God was born in order to die. God became a man to deliver man. God who has no beginning entered the creation He brought into being. God was born.

And something we really can’t wrap our minds around, God died. This is why He came, why He was born at Christmas. In order to go to Jerusalem, where there was a cross. He was born in order to die.

And even as God has no beginning, He also has no end. He is eternal. So how could it be that on the cross God died? We say and hear all the time that Jesus died on the cross. Jesus is God and He is man. He was nailed to a cross and He died. His life was snuffed out of Him.

But if it is hard to grasp that God was born, how much harder that God died?
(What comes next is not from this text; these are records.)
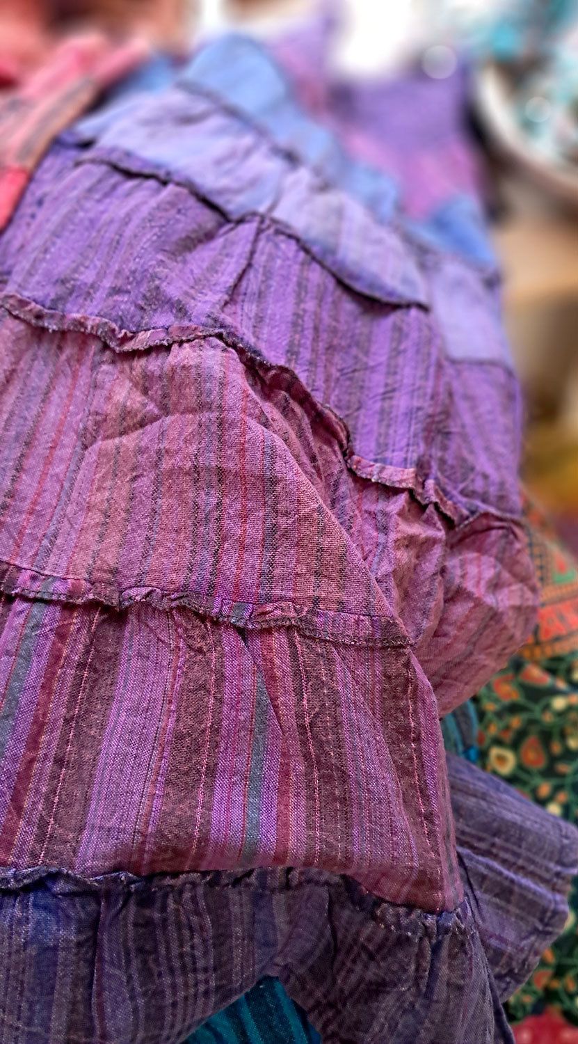 Tato širokánská bohatá sukně nás láká svým kvalitním, příjemným a dokonce i hřejovým materiálem a v neposlední řadě také dokonale sladěnými barvami. Dá se nosit i jako šaty, pokud si žabičkovou část posunete až na hrudník.
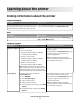 Learning about the printer Finding information about the printer Setup information Description Where to find The Setup information gives you instructions for setting You can find the Setup information on the inside of the printer up the printer. Follow the set of instructions for local, box or on the Lexmark Web site at www.lexmark.com. network, or wireless, depending on what you need. Help Description Where to find The Help gives you instructions for using the software.
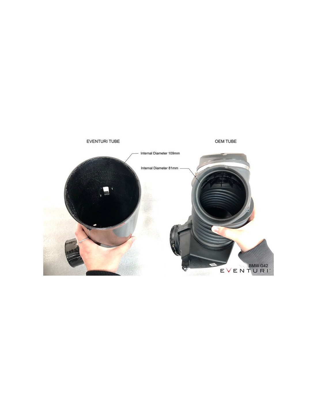 Il tubo di ingresso di serie ha una sezione flessibile e contorta per fornire movimento al motore. Ciò tuttavia aggiunge anche la possibilità di turbolenza nel percorso del flusso poiché vi sono più facce che possono causare vortici. Lo sostituiamo con il nostro tubo in carbonio che è liscio e ha anche un volume interno maggiore. A differenza della maggior parte delle prese aftermarket, abbiamo massimizzato le dimensioni del nostro tubo di aspirazione, il tubo di aspirazione OEM ha un diametro interno di 80,8 mm o 3,2 pollici all'estremità del filtro. Il nostro tubo ha un diametro interno di 109 mm o 4,3”. Ciò equivale a un massiccio aumento dell'82% dell'area della sezione trasversale rispetto allo stock. Il tubo si rastrema dolcemente verso l'ingresso del turbo di serie per garantire che il flusso d'aria rimanga il più laminare possibile. Il tubo è inoltre dotato di raccordo lavorato a CNC per il sensore di temperatura e l'adattatore di sfiato.

When we deal with the things of God, the things He has given us in His Word, we are always a step away from going against what He has given us to believe. To believe that God was born could easily lead you into the error that God had a beginning. That Jesus is not true God.
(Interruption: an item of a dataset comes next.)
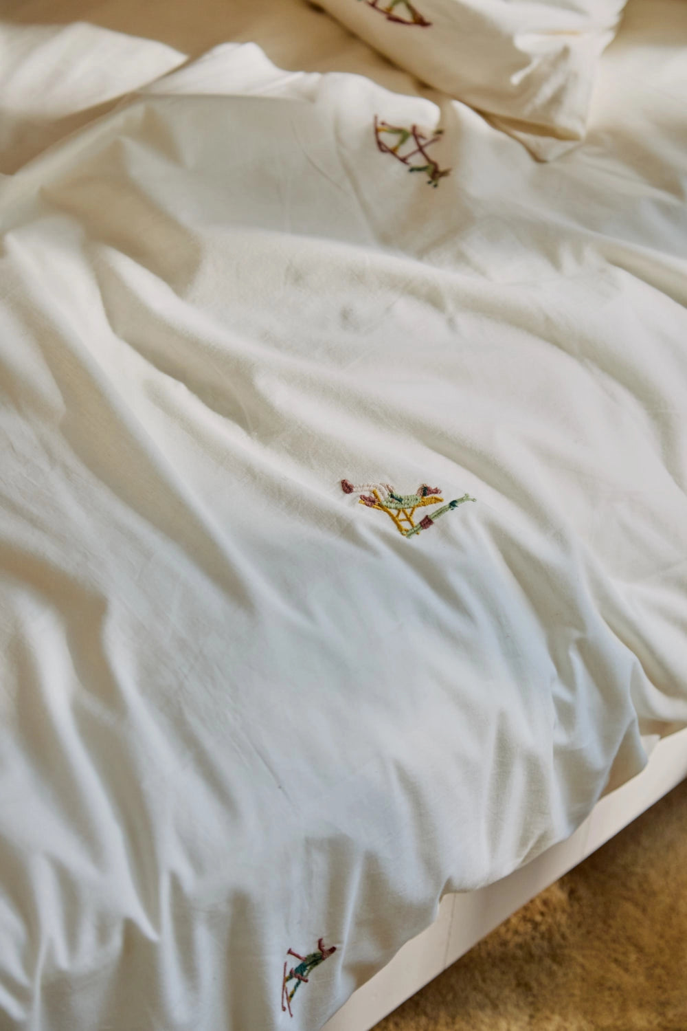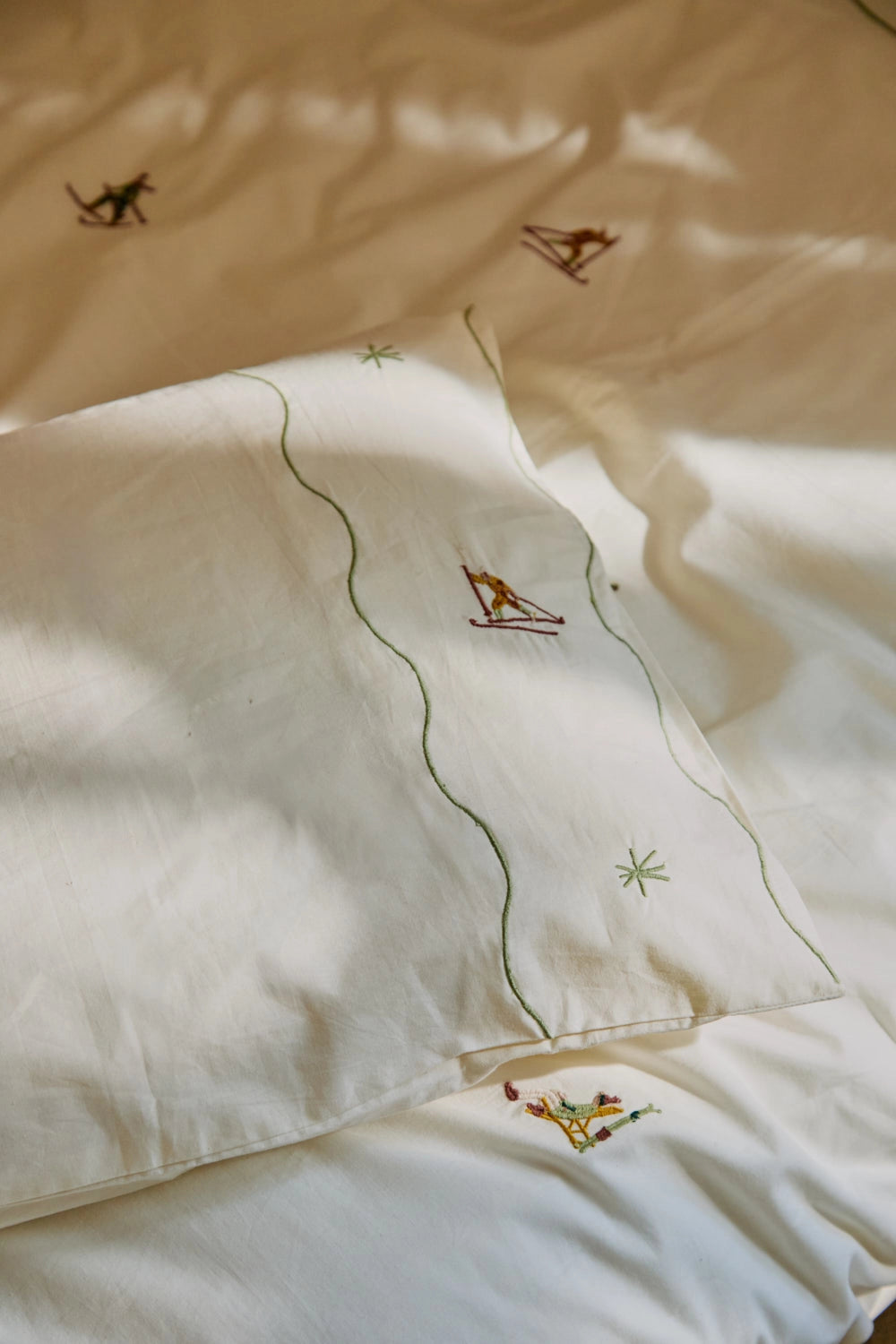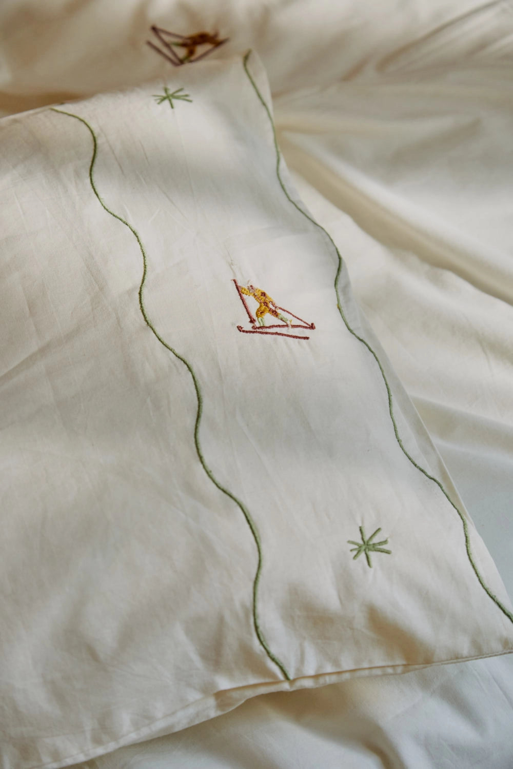 Parure housse de couette et taie d'oreiller en coton avec détails skieurs brodés. Fermeture à rabat. Dimensions : 150 x 260 cm, avec une taie d'oreiller de 45 x 100 cm.

That’s why we must not seek out how to understand it but simply rejoice in it. Jesus is God and He was born. Think in terms of how Mary and Joseph saw it on that night Mary gave birth to Jesus. Undoubtedly they knew that He was no ordinary boy. That they didn’t fully understand exactly what it meant that He was no ordinary boy is safe to assume.
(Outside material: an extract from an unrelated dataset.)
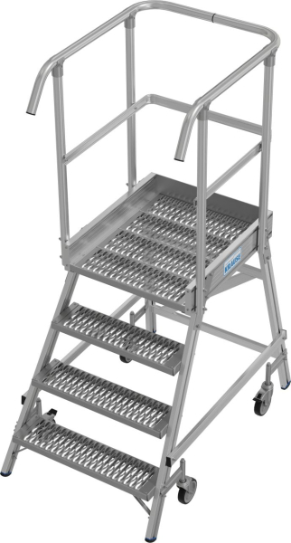 Két oldalon járható gurítható alumínium dobogó 180 mm mély lépcsőfokokkal és nagy állófelülettel R13 csúszásmentes profilrácsból, amely körbefutó dobogókorláttal van felszerelve a biztonságos és kényelmes munkavégzés érdekében
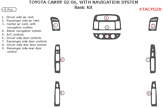 Toyota Camry 2002, 2003, 2004, 2005, 2006, With Navigation System, Basic Interior Kit, 9 Pcs.,

But the point here is that Mary’s Son was born. She and Joseph were not marveling that God was born. But they were marveling at God’s grace. They were rejoicing in new life and that they were privileged to be part of it. Later on that night after a visit from some shepherds who told them amazing things about just who this little baby was, Mary pondered all these things in her heart.

Not long after that she would learn from Simeon that He would be pierced and no doubt Mary pondered long and hard about her child given to her from God.

God was born and Mary was one recipient of the grace that came about through this birth from her very own womb. As she many years later would stand and watch her Son give His life on the cross she would witness the very reason her Son was born. She would eventually come to see that her Son was the very Son of God, as the Gospel reading says, “The only Son from the Father, full of grace and truth.”

This is where what John has told us in the Gospel reading is so valuable. Mary and Joseph didn’t need to understand everything as it was unfolding. As it unfolded they saw more and more who Jesus was, how God had come in the flesh. We look back now upon the birth, upon the suffering, upon the death, upon the resurrection of Jesus, and we see more and more who He is, why He was born, why He did all of that.

And we fill our lives up with that, because that’s what our lives will be filled up with for eternity. God will be there. In fact, God, in the flesh, will be there. Jesus, the one who is true God and true man, will be there, in the flesh. Full of grace and truth. The one who is eternal and who was born. The one who died and the one who rose. The one who did all of this for you.

Which brings us to one more thing on Christmas Day. On this day we obviously celebrate the birth of Christ. But even as we marvel that God was born; and as we rejoice in why, that God the Son died on the cross for all our sins; that’s not all. On Christmas Day we celebrate something else as well. We celebrate another birth. This is the birth that was brought about through God being born. As the Gospel reading says, “But to all who did receive him, who believed in his name, he gave the right to become children of God, who were born, not of blood nor of the will of the flesh nor of the will of man, but of God.”

Why was God born? So that you could be born. The Creator, the one who brought you into existence, is your Savior, the one who gives you new birth. God, who is a spiritual being, became flesh, so that you who are flesh could be born of God.

And even though you had a beginning, you will have no end. You will live eternally because you have been born of God. You have been brought into the life of God through the amazing events of God being born, living, dying, and rising, all for you, all for your eternal life. Amen.